*REQUIRED WORK*: Return an exact copy of the data, starting at its first line and ending at the line that contains "주정부의 자택대기령에 따라", minus any pictures.

*DATA EXTRACT*:
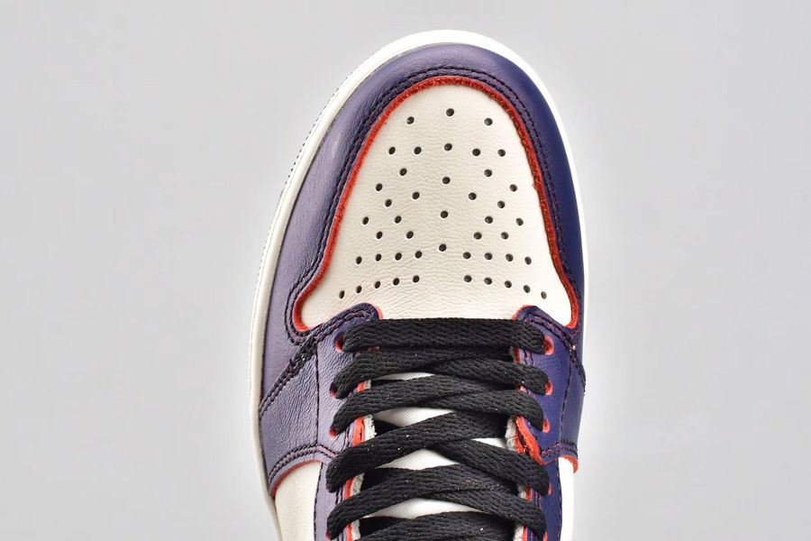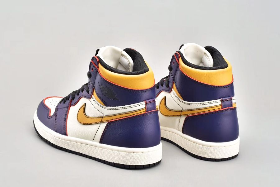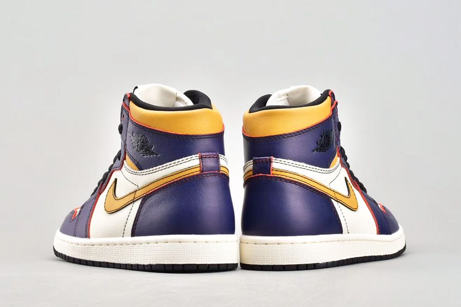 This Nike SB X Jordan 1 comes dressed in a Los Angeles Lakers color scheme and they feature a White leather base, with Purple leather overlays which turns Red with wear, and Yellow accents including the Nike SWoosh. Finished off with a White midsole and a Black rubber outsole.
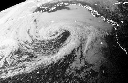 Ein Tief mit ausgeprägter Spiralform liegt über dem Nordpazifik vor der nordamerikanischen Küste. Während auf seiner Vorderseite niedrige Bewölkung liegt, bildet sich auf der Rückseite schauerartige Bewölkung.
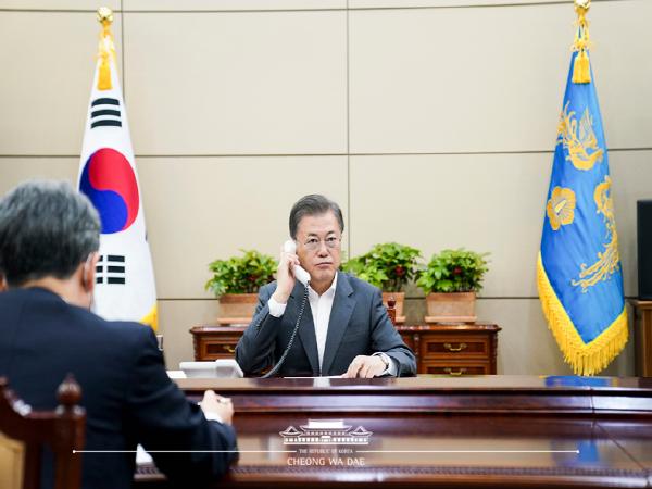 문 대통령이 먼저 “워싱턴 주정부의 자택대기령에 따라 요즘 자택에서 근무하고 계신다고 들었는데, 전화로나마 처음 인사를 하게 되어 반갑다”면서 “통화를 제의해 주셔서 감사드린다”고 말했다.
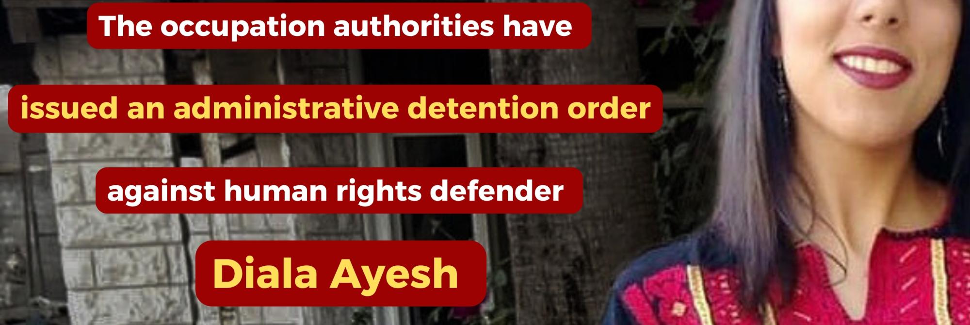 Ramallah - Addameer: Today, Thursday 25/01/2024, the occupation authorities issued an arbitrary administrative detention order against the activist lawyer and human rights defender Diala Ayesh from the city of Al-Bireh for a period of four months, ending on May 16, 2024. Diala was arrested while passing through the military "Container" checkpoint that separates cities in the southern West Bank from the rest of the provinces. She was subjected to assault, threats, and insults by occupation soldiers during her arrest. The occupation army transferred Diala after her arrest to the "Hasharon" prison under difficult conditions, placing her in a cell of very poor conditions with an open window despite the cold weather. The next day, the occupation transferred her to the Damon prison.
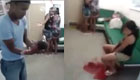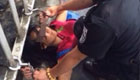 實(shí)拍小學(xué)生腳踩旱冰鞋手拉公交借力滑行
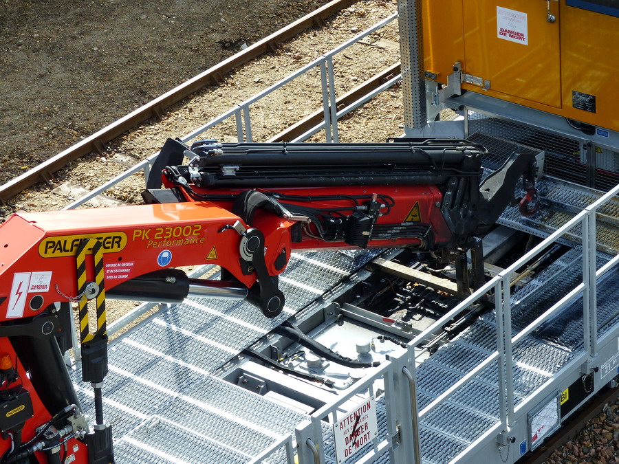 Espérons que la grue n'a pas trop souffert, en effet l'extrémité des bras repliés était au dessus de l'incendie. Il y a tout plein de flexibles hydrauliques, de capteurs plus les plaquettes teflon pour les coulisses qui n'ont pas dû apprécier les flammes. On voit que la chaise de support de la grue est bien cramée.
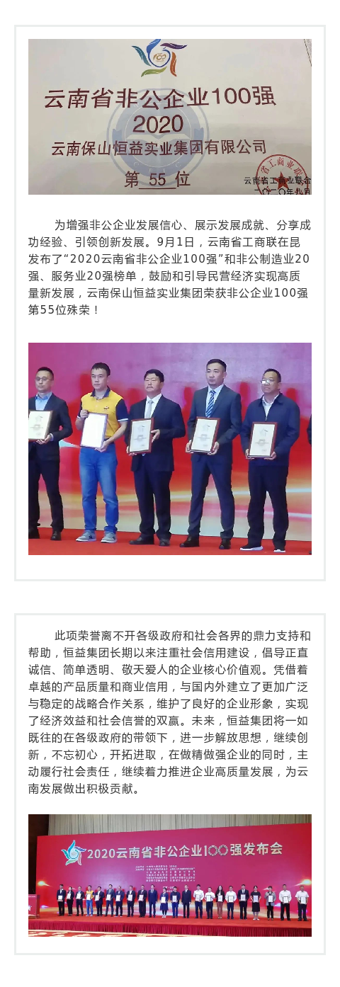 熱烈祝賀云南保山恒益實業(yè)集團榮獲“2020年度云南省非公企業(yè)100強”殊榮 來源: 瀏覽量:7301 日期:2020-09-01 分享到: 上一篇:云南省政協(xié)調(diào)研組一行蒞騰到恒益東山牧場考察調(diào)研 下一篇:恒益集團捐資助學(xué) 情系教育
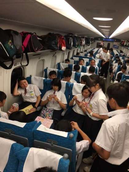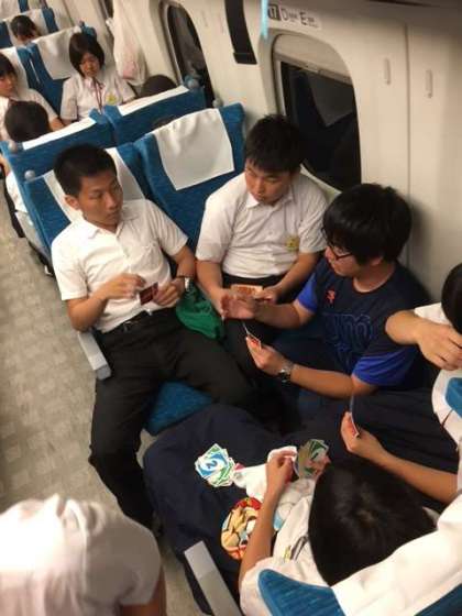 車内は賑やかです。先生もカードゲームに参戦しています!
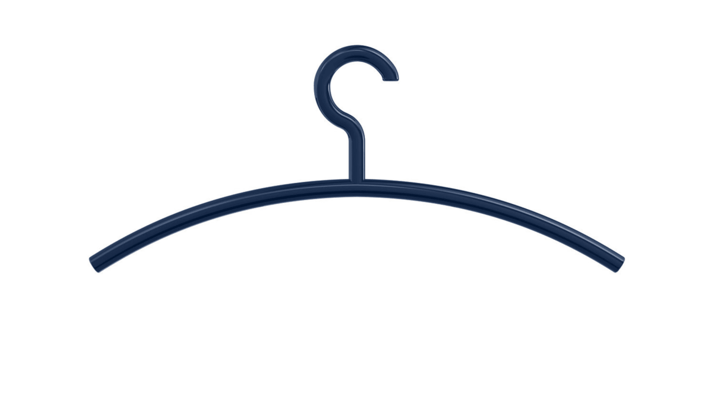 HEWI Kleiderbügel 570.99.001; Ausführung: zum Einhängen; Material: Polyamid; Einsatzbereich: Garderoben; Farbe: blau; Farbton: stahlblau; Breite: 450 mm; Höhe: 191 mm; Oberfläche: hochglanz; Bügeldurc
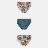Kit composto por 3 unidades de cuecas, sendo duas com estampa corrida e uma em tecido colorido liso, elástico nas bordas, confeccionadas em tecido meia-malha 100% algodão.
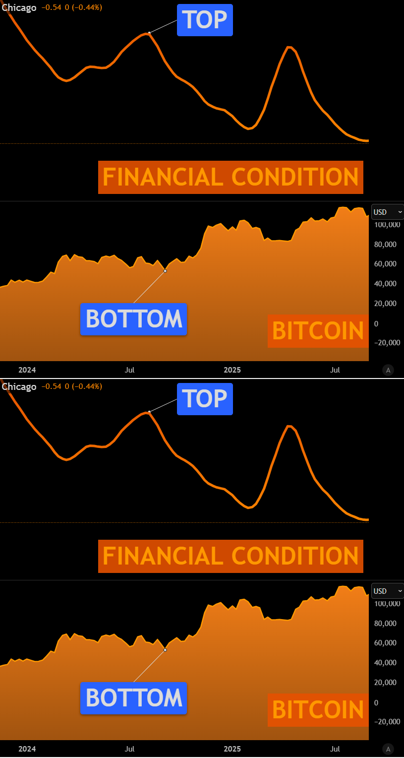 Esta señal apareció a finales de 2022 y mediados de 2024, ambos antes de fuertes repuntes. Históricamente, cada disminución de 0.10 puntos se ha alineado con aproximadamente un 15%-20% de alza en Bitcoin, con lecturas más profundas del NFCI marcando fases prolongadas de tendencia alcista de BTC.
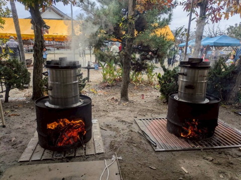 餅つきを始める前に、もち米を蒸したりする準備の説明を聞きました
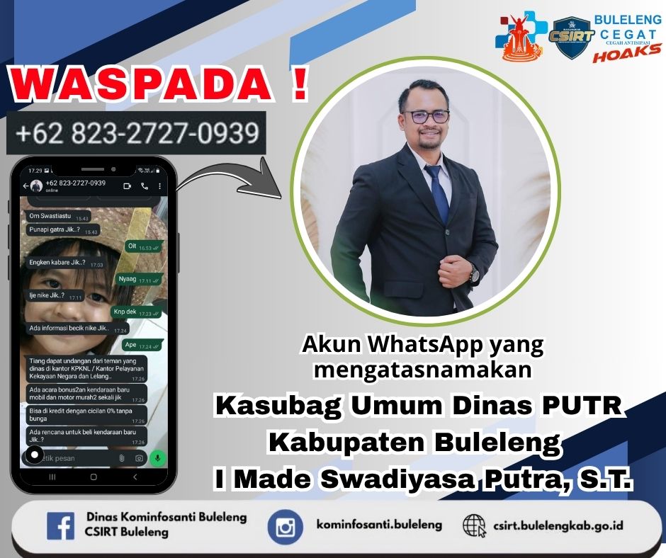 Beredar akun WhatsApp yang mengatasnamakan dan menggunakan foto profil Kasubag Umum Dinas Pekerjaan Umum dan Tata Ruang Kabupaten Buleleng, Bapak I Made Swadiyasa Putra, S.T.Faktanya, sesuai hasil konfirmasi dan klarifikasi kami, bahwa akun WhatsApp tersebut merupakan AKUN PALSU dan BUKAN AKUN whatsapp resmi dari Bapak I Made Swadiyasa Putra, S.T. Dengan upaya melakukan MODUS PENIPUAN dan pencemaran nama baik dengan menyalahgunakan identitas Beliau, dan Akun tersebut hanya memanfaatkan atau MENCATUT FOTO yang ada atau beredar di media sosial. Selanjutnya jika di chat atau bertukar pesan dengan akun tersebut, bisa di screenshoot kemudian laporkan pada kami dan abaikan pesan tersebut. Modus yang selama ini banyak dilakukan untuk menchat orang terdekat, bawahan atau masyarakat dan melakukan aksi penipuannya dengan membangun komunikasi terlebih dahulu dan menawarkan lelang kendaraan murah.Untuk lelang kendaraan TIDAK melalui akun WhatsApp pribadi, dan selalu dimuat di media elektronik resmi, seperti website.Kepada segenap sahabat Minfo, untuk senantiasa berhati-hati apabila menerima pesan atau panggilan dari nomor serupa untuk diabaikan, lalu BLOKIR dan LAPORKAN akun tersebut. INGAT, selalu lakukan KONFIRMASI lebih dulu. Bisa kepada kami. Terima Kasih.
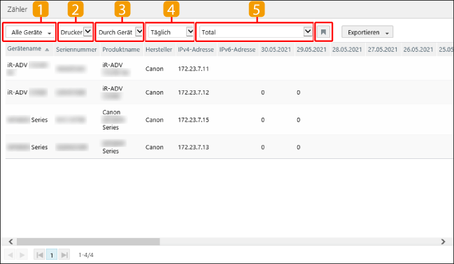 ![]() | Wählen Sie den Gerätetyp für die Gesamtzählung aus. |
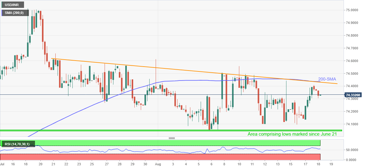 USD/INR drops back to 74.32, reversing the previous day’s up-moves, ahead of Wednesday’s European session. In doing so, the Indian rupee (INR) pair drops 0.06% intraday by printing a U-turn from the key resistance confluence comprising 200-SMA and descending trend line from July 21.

*SOLUTION TO THE EXERCISE*:
 This Nike SB X Jordan 1 comes dressed in a Los Angeles Lakers color scheme and they feature a White leather base, with Purple leather overlays which turns Red with wear, and Yellow accents including the Nike SWoosh. Finished off with a White midsole and a Black rubber outsole.
 Ein Tief mit ausgeprägter Spiralform liegt über dem Nordpazifik vor der nordamerikanischen Küste. Während auf seiner Vorderseite niedrige Bewölkung liegt, bildet sich auf der Rückseite schauerartige Bewölkung.
 문 대통령이 먼저 “워싱턴 주정부의 자택대기령에 따라 요즘 자택에서 근무하고 계신다고 들었는데, 전화로나마 처음 인사를 하게 되어 반갑다”면서 “통화를 제의해 주셔서 감사드린다”고 말했다.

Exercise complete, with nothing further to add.